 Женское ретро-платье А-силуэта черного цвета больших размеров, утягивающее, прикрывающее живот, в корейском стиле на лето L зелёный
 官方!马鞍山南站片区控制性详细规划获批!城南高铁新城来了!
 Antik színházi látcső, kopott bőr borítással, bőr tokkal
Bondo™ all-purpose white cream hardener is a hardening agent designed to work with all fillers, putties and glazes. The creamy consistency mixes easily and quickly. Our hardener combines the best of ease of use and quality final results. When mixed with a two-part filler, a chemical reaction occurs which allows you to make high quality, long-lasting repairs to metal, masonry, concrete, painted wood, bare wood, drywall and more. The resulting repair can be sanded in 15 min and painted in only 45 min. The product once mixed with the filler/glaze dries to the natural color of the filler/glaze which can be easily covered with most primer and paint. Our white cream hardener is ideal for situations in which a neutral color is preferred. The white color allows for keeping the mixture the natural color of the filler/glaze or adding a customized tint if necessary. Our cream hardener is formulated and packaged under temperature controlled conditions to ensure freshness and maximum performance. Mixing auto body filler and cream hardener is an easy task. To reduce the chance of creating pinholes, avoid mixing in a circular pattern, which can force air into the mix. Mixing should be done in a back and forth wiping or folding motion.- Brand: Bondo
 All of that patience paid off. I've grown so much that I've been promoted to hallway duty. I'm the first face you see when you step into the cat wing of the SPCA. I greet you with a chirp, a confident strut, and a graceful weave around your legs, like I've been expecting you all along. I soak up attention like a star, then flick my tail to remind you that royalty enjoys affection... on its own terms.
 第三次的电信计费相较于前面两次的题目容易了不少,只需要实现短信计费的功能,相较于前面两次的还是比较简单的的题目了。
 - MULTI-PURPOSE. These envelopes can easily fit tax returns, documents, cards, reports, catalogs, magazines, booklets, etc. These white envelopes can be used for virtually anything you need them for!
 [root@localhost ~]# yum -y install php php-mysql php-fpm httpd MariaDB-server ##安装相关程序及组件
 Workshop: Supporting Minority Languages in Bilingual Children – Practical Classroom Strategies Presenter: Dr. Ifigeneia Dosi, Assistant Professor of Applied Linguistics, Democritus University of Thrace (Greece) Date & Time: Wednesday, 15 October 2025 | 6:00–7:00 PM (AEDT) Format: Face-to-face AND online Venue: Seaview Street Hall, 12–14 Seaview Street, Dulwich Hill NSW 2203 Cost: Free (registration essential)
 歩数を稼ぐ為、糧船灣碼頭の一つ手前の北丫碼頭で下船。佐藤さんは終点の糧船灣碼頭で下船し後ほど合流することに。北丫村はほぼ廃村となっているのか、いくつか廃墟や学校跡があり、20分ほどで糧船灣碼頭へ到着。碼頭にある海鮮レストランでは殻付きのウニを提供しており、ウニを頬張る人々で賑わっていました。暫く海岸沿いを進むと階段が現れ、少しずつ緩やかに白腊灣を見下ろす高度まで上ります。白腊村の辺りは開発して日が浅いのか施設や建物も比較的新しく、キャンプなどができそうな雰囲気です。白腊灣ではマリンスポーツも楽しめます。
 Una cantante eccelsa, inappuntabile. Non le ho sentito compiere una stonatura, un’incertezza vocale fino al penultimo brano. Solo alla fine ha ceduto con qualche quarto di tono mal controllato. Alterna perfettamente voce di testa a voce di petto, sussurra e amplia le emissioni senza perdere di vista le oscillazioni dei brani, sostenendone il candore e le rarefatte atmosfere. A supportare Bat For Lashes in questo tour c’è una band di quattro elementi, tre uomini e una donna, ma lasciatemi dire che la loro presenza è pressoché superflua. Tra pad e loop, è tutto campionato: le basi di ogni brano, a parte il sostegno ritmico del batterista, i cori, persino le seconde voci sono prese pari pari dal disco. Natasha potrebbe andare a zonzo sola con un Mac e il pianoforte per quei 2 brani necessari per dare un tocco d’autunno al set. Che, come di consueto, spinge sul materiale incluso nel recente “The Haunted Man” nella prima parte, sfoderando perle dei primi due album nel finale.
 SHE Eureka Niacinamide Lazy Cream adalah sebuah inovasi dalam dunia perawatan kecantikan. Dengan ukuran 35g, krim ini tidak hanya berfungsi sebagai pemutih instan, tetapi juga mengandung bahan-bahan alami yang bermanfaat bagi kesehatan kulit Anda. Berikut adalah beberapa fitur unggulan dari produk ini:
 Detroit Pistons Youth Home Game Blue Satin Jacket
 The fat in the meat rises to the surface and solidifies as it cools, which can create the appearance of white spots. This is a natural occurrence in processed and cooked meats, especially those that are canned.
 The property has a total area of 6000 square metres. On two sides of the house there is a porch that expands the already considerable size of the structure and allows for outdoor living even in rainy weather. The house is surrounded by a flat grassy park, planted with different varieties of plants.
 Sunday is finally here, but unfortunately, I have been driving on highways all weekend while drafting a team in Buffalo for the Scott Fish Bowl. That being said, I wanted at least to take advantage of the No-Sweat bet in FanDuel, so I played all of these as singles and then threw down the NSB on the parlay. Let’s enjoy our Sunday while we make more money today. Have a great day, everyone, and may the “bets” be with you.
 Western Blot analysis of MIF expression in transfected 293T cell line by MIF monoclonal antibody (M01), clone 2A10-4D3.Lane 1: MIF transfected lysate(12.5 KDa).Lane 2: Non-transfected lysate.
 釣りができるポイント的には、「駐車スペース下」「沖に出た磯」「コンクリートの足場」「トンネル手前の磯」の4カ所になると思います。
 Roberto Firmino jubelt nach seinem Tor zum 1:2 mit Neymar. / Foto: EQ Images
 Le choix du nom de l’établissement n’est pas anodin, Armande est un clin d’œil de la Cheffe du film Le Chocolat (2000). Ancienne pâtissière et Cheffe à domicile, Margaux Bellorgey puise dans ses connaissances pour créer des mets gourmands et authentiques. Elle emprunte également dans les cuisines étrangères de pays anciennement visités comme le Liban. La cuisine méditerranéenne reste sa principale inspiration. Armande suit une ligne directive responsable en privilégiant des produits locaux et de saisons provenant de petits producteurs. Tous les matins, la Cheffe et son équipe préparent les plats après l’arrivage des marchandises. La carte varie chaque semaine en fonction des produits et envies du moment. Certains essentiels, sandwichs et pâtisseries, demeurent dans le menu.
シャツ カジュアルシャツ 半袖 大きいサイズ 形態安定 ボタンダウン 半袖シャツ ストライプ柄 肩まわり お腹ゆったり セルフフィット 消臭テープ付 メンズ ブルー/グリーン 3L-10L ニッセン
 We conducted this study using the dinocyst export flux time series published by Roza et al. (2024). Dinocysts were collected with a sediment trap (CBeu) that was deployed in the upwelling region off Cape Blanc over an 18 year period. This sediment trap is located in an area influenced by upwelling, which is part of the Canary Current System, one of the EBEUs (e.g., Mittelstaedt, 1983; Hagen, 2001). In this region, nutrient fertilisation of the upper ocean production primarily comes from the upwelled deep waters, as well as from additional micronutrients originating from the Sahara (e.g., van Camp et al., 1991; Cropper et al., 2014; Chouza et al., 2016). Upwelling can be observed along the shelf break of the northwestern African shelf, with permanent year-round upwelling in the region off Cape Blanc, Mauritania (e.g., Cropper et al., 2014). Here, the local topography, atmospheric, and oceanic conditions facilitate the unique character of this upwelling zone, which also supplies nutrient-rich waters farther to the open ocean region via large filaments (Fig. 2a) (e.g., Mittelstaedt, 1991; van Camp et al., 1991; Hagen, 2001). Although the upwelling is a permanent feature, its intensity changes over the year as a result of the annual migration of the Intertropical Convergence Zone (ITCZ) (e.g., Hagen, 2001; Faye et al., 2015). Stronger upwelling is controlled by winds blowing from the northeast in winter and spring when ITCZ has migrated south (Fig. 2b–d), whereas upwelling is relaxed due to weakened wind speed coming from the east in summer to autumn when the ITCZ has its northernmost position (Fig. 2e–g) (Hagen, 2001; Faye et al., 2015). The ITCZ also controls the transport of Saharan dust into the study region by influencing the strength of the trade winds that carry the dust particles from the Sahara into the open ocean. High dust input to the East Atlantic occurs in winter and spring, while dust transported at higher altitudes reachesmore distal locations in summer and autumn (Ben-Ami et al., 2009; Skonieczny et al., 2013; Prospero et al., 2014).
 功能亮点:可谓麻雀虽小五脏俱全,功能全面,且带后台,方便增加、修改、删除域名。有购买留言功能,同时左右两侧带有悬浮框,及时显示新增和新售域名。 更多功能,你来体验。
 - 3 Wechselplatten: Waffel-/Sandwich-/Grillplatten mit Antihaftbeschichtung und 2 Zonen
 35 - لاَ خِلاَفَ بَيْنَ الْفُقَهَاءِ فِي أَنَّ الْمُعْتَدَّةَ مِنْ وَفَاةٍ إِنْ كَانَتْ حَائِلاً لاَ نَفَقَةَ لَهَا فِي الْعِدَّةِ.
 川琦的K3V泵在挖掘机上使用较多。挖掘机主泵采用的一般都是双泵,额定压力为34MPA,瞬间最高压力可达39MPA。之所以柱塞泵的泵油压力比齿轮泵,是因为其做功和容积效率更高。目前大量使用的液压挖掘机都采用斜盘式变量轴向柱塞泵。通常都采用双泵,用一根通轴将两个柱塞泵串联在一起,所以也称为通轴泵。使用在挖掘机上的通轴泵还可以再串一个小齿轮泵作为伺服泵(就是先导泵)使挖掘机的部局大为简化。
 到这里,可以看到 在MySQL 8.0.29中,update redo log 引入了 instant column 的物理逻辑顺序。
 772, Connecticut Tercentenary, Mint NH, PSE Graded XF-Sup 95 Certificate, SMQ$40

━━━━━━━━━━━━━━━━━━━━━━━━━━━━━━

[Aim of the exercise]:
Copy out the data above word for word, starting at its first line and ending with the line that contains "Bondo™ all-purpose white".

[Completed task]:
 Женское ретро-платье А-силуэта черного цвета больших размеров, утягивающее, прикрывающее живот, в корейском стиле на лето L зелёный
 官方!马鞍山南站片区控制性详细规划获批!城南高铁新城来了!
 Antik színházi látcső, kopott bőr borítással, bőr tokkal
Bondo™ all-purpose white cream hardener is a hardening agent designed to work with all fillers, putties and glazes. The creamy consistency mixes easily and quickly. Our hardener combines the best of ease of use and quality final results. When mixed with a two-part filler, a chemical reaction occurs which allows you to make high quality, long-lasting repairs to metal, masonry, concrete, painted wood, bare wood, drywall and more. The resulting repair can be sanded in 15 min and painted in only 45 min. The product once mixed with the filler/glaze dries to the natural color of the filler/glaze which can be easily covered with most primer and paint. Our white cream hardener is ideal for situations in which a neutral color is preferred. The white color allows for keeping the mixture the natural color of the filler/glaze or adding a customized tint if necessary. Our cream hardener is formulated and packaged under temperature controlled conditions to ensure freshness and maximum performance. Mixing auto body filler and cream hardener is an easy task. To reduce the chance of creating pinholes, avoid mixing in a circular pattern, which can force air into the mix. Mixing should be done in a back and forth wiping or folding motion.- Brand: Bondo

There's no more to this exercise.